**Excerpted records:**
....................

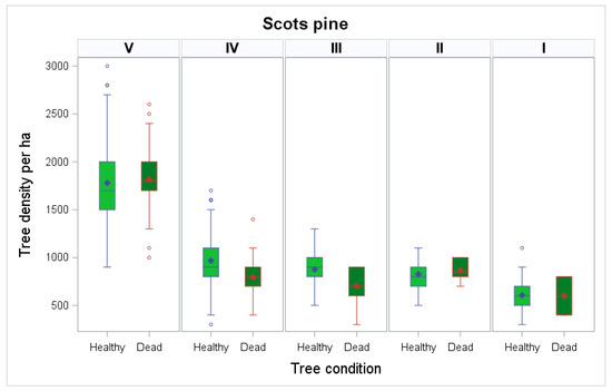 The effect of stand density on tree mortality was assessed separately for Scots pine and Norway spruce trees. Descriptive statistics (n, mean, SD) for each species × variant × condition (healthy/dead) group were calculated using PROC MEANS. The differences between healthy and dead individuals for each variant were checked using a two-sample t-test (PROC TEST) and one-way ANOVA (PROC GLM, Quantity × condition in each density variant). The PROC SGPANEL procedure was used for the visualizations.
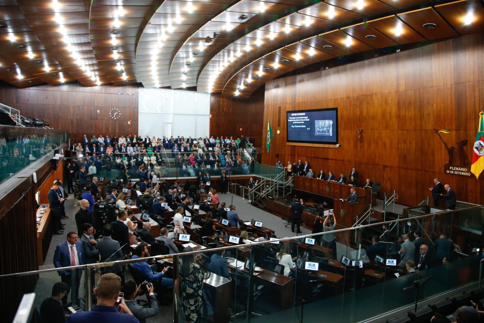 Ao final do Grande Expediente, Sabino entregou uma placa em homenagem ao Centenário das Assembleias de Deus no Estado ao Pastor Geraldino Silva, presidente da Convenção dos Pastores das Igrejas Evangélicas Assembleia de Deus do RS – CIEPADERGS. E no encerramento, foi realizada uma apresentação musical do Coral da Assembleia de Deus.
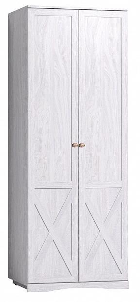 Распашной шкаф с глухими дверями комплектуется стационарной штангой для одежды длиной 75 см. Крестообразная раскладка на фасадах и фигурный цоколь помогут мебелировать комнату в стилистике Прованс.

....................

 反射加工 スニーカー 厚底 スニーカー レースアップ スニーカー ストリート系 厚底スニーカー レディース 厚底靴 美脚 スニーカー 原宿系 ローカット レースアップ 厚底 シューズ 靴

....................

Copy nothing but the lines above from the one with "The effect of" to the one with "Распашной шкаф с", inclusive, word for word. Leave every picture out.

**Solution to this problem:**
 The effect of stand density on tree mortality was assessed separately for Scots pine and Norway spruce trees. Descriptive statistics (n, mean, SD) for each species × variant × condition (healthy/dead) group were calculated using PROC MEANS. The differences between healthy and dead individuals for each variant were checked using a two-sample t-test (PROC TEST) and one-way ANOVA (PROC GLM, Quantity × condition in each density variant). The PROC SGPANEL procedure was used for the visualizations.
 Ao final do Grande Expediente, Sabino entregou uma placa em homenagem ao Centenário das Assembleias de Deus no Estado ao Pastor Geraldino Silva, presidente da Convenção dos Pastores das Igrejas Evangélicas Assembleia de Deus do RS – CIEPADERGS. E no encerramento, foi realizada uma apresentação musical do Coral da Assembleia de Deus.
 Распашной шкаф с глухими дверями комплектуется стационарной штангой для одежды длиной 75 см. Крестообразная раскладка на фасадах и фигурный цоколь помогут мебелировать комнату в стилистике Прованс.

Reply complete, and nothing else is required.